Tossing in some ideas.
1) Per above perhaps pull your rear drums, inspect if good, put back on and adjust the shoes till they barely drag. Confirm when you push the brakes they are working.
2) I would pull the front tires and inspect your front brakes too. If your rotors are all pitted with rust or your pads are thin these can effect your stopping. Confirm when you push the brakes they are working.
3) Per above confirm what your vacuum pump is putting out good vacuum, don't guess. A $20 vacuum/fuel gauge at the auto parts store will be all you need to know.
4) Generally the feeling of having power brakes comes primarily from the brake booster helping you push the master cylinder. If not working or poorly working you will not feel like the truck has good brakes. If all checks out this is likely your issue.
5) If the truck has old, worn, heat damaged (Glazed), thin rotors or drums, and prior say rusty brakes the contact surface is dimished and the heat build up may be adding to the problem. The only thing to do is replace.
6) As I said above, make sure the brakes are working. I helped a friend get his mom's VW Vanagon back on the road a couple of years ago. The front brakes would not engage, only the rears. Against my logic I concluded after testing it must be the rubber hoses. Whammo, two new rubber hoses and brakes where fixed. (Prior mechanic put a master cylinder in it thinking it was that.) So if one of your brakes is not moving when pushing the pedal crack the brake line connectors starting at the master till you determine where you are loosing the brake pedal pressure.

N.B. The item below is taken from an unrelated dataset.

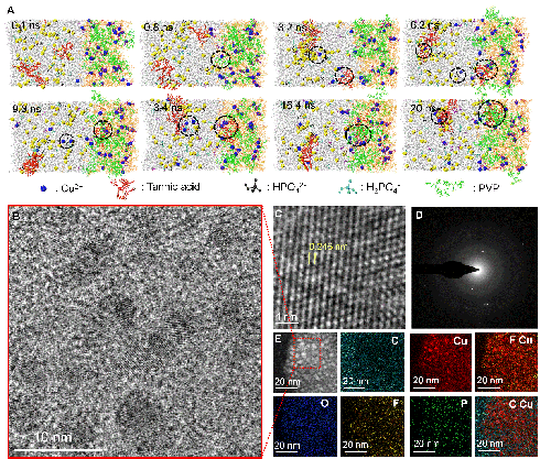 该工作使用单宁酸作为其中一种有机质调控界面矿化过程用于制备超强和优异抗污染性能的矿化膜。矿化膜在多次循环过滤过程中仍能保持优异的抗污染性能。通过分子动力学模拟分析了两相界面处的矿化机制,凝固浴(非溶剂相)中的单宁酸和磷酸根与铸膜液(溶剂相)中的铜离子同时向两相界面处移动,在界面处金属离子作为矿化的成核位点,与磷酸根结合形成矿物,单宁酸与金属离子螯合并进一步调控矿化过程,得到有机-无机矿化功能层(图2)。此外,通过改变有机质和金属离子的种类,可以得到具有不同功能(催化降解,光热转化)的矿化膜。本研究提出的异相界面工程有望在催化和太阳能海水淡化领域有广阔的应用前景。

7) Crappy/cheap pads, shoes, rotors, and drums all diminish your brake system. Only buy high end brands when you do rotors or drums and always go with high end Semi Metalic or Ceramic pads. Let them eat your rotors and drums if that is even of concern for you. I always tell people replace your rotors and drums each time. It always leads to less braking and steering wobble down the road if you do not. So if everything is working (Master Cyl, booster, vacuum pump, calipers and wheel cylinders.) I would redo your rubber brake lines, calipers, wheel cylinders, pads, rotors, shoes, and drums with good parts. (Lines, calipers, and cylinders because these trucks are getting long in the tooth.) I would bet your braking will dramtically improve!(Again if all else is working as it should.) I have seen it a half dozen times myself, going with upgraded brake parts brings 15-30% improved braking over the aging stock brakes. Even better results when replacing a cheap Midas, Goodyear, and Pepboys style advertised brake special brake job. (Cheap pads/shoes and just turned (Maybe not) the rotors and drums.)
8) Many have done a hydroboost upgrade and have been very happy.
Also keep in mind these are 80's-early 90's technology. So they are not going to stop like a modern F250. So just know these do stop well when working, but don't expect them to stop like a car or a modern day truck.
My truck was stolen last year. I replaced with a used truck and it stops but not like it should. So I will be doing a complete brake job front and back this summer to improve what was likely a brake job of cheaper chicken pads front and rear.
My local parts supplier has a product from DFC that I have used on my Cadillac and former F250. This brand is very well made, very stought, and the braking is very smooth and fast. So I plan to source those parts and put that on my new used truck. I would imagine 20-25% better braking and more predictable braking.
Hope that helps give you some ideas of what to test and how to move forward.
Let us know what you find, did, and the results!